As for your general sentiment – well, as much as I appreciate the good of Twisty’s writing, I more often find myself marveling at the bad. I don’t think that her brand of radical feminism is particularly progressive or helpful to people outside of her loyal commentariat. And no, I wouldn’t consider myself to be the pot to Twisty’s kettle, considering the fact that I do not view her as someone who is on my side. Same ballpark? Sure, but more often I simply walk away from Twisty’s blog with the impression that it all boils down to – “and you, patriarchy-pleasing fembot, will be SORRY one day.”

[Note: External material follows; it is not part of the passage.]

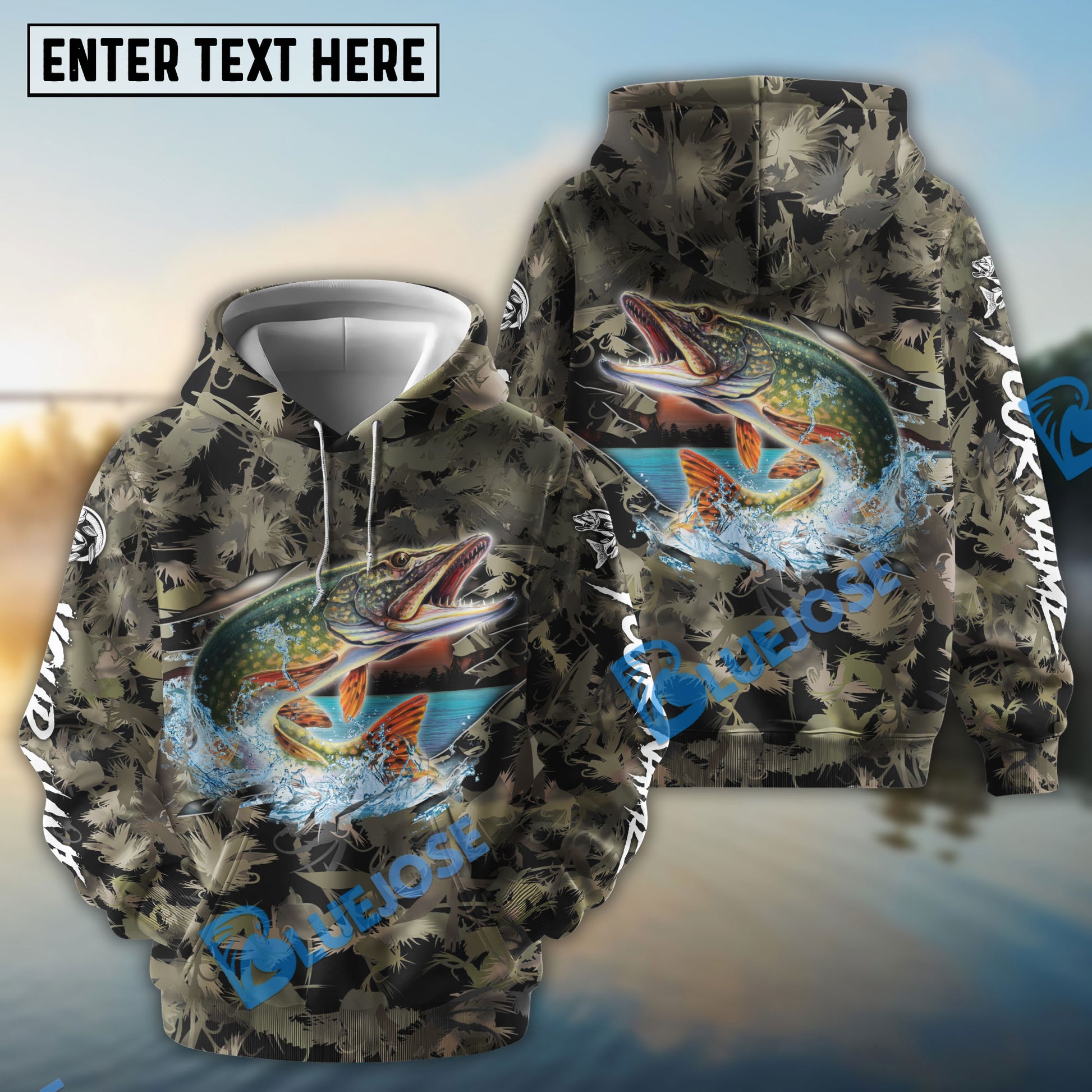Bluejose Pike Fishing Camouflage Custom Name Shirts

Hey Natalia, thanks for coming over. I may have confused you, yes– but I felt like your post was the most thorough of the arguments I saw in the “con” department. (and I mean that as a compliment. ;-) )
As for the quality of writing, I think this is ultimately a taste issue. As I mentioned, I don’t agree with her often. But I think it’s fabulous that she’s putting her stuff out there, and while she’s not the only great radfem blogger, she totally has my sense of humor and I dig it. I might be sorry one day, but hell, I’ll have had a good time.
:)
The quality of Twisty’s writing is always excellent. It’s the *sentiment* that I, unfortunately, find myself in disagreement with.
There’s nothing quite like a good writer with whom you disagree, though.
Heh, that kinda reminds me of this blogger meeting with Bill Clinton that I randomly got to be a part of a couple months ago… I just remember sitting there listening to him thinking, “Damn, I disagree with every single thing you’re saying, but I still *really* like you for some reason.”
This is difficult territory, for sure. I’m not a regular reader of Twisty’s, tho clearly we have something in common because I confess to hating heels* and I often find myself wishing I knew more women who didn’t have kids and were likely never going to.
I’m less judgmental about it nowdays — maybe because I’m growing older (I’m now 36), maybe because I’m feeling increasingly burned out on feminist debates and just don’t feel like getting into it anymore, maybe because I realize that there’s just no resolvable answer.
Like you say, let’s hope we’re all being enlightened through these endless feminist blog-wars.
* I only hate the heels, not the person wearing them. (I love you, Deanna!)
Also, good use of the word buckwild!
“I’m often frustrated that mommy-blogging is pointed to as the Grand Phenomenon of Women Online, and I resent that my non-motherhood status is questioned regularly.”
I’m one of those women too. I sometimes feels like I am left out of two conversations–women with children and men, but I’m fine with it most of the time. Going to BlogHer last year put me front and center with the idea that I am so NOT the blogger mainstream cares about because exhibitors definitely weren’t interested in my childless ass. That helped me define myself so it was a very useful experience. I came away thinking I’m a woman who is an activist blogger, not a woman who blogs if that makes sense.